◆ **DATASET EXTRACT**:
════════

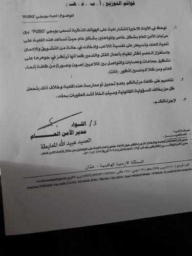 أخبار البلد - حذرت مديرية الامن العام من انتشار لعبة على الهواتف الذكية تسمى ببجي PUBG بين مرتبات الامن العام بشكل خاص والمواطنين بشكل عام.
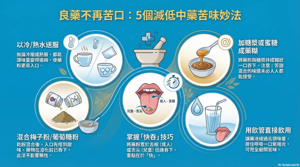從物理角度入手,由於大人的舌根對苦味反應較遲鈍,可嘗試將藥粉直接置於舌根處並迅速吞下;小朋友則可放在舌尖快吞進去。 至於溫度方面各有所好,有人愛冷服以降低苦味感覺,有人愛熱服令味蕾遲鈍。但不論選擇冷服還是熱服,重點都在於一個「快」字,必須迅速將藥液吞入肚中。
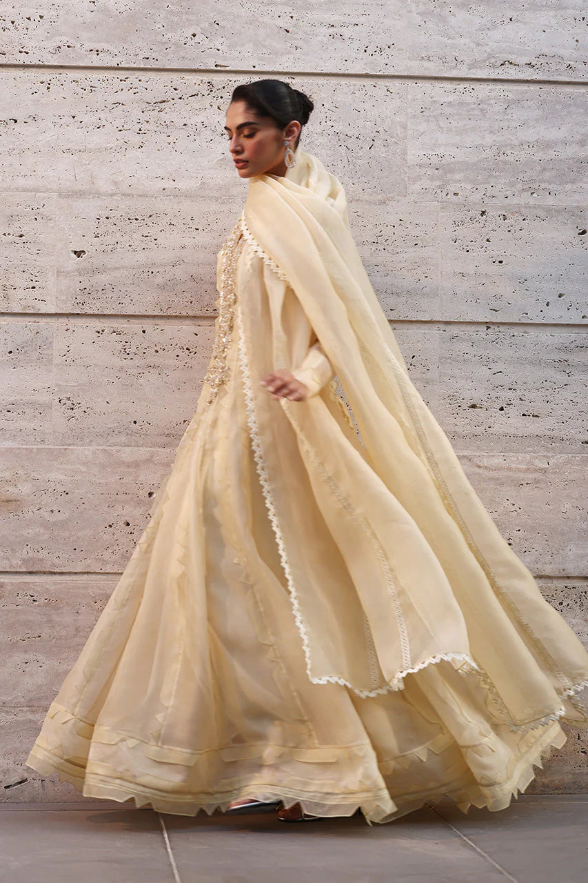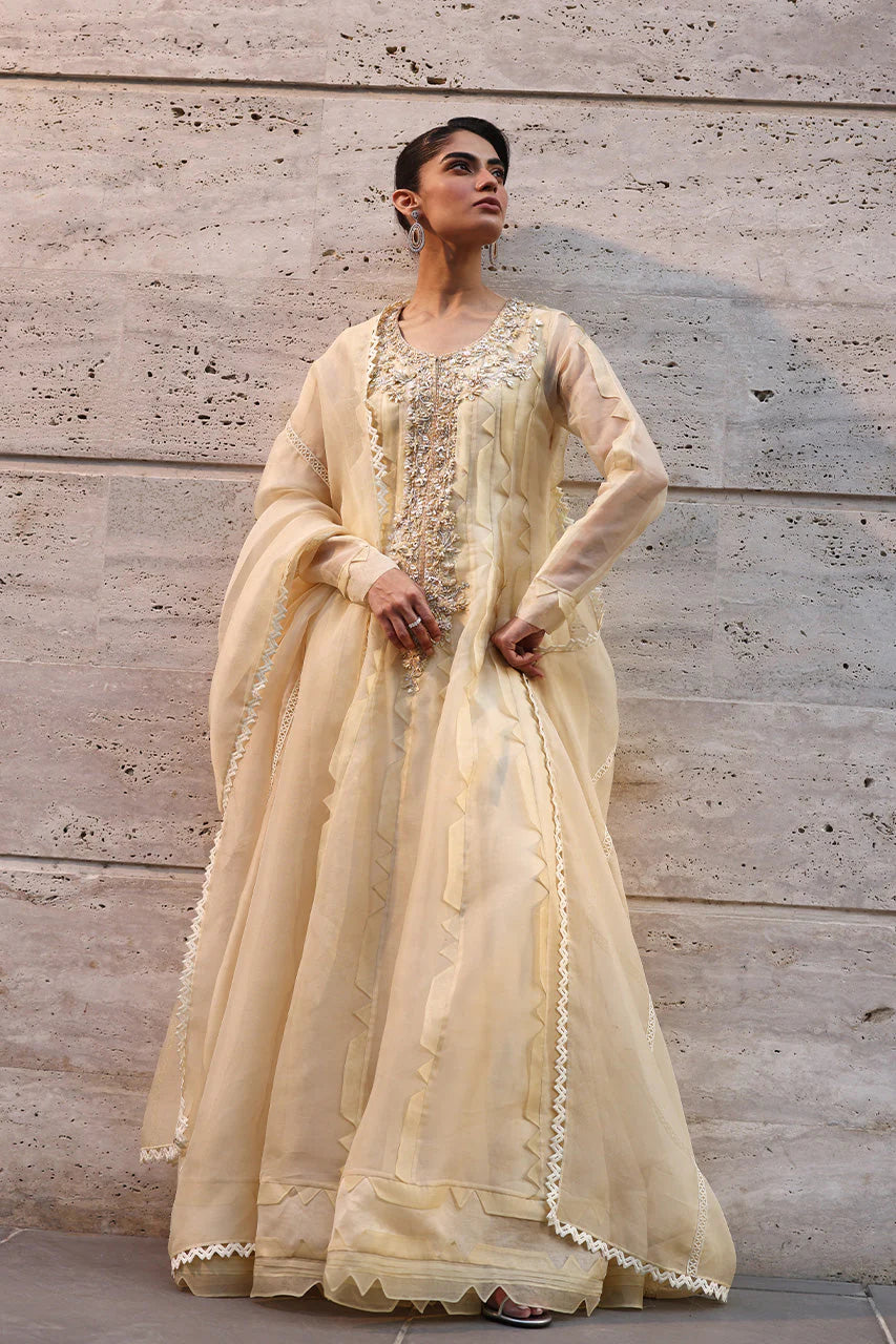 This ensemble is celebration of masterful handwork in a traditional form. The lemon yellow organza kalidar, adorned with delicate florals clustered around the neckline, hand-embroidered and accented with zardozi, sequins, and dimensional flourishes. Chevron-like edging along each seam add a subtle layer of texture and visual rhythm. Paired with a lemon yellow organza dupatta edged with trims, and matching pure raw silk pants, the set balances craft and structure, offering a look that is both classic and refined.

════════

◆ **GOAL OF THE EXERCISE**: In your copy of the material, every word must match and no image should appear.

◆ **ANSWER TO THE EXERCISE**:
 أخبار البلد - حذرت مديرية الامن العام من انتشار لعبة على الهواتف الذكية تسمى ببجي PUBG بين مرتبات الامن العام بشكل خاص والمواطنين بشكل عام.
從物理角度入手,由於大人的舌根對苦味反應較遲鈍,可嘗試將藥粉直接置於舌根處並迅速吞下;小朋友則可放在舌尖快吞進去。 至於溫度方面各有所好,有人愛冷服以降低苦味感覺,有人愛熱服令味蕾遲鈍。但不論選擇冷服還是熱服,重點都在於一個「快」字,必須迅速將藥液吞入肚中。
 This ensemble is celebration of masterful handwork in a traditional form. The lemon yellow organza kalidar, adorned with delicate florals clustered around the neckline, hand-embroidered and accented with zardozi, sequins, and dimensional flourishes. Chevron-like edging along each seam add a subtle layer of texture and visual rhythm. Paired with a lemon yellow organza dupatta edged with trims, and matching pure raw silk pants, the set balances craft and structure, offering a look that is both classic and refined.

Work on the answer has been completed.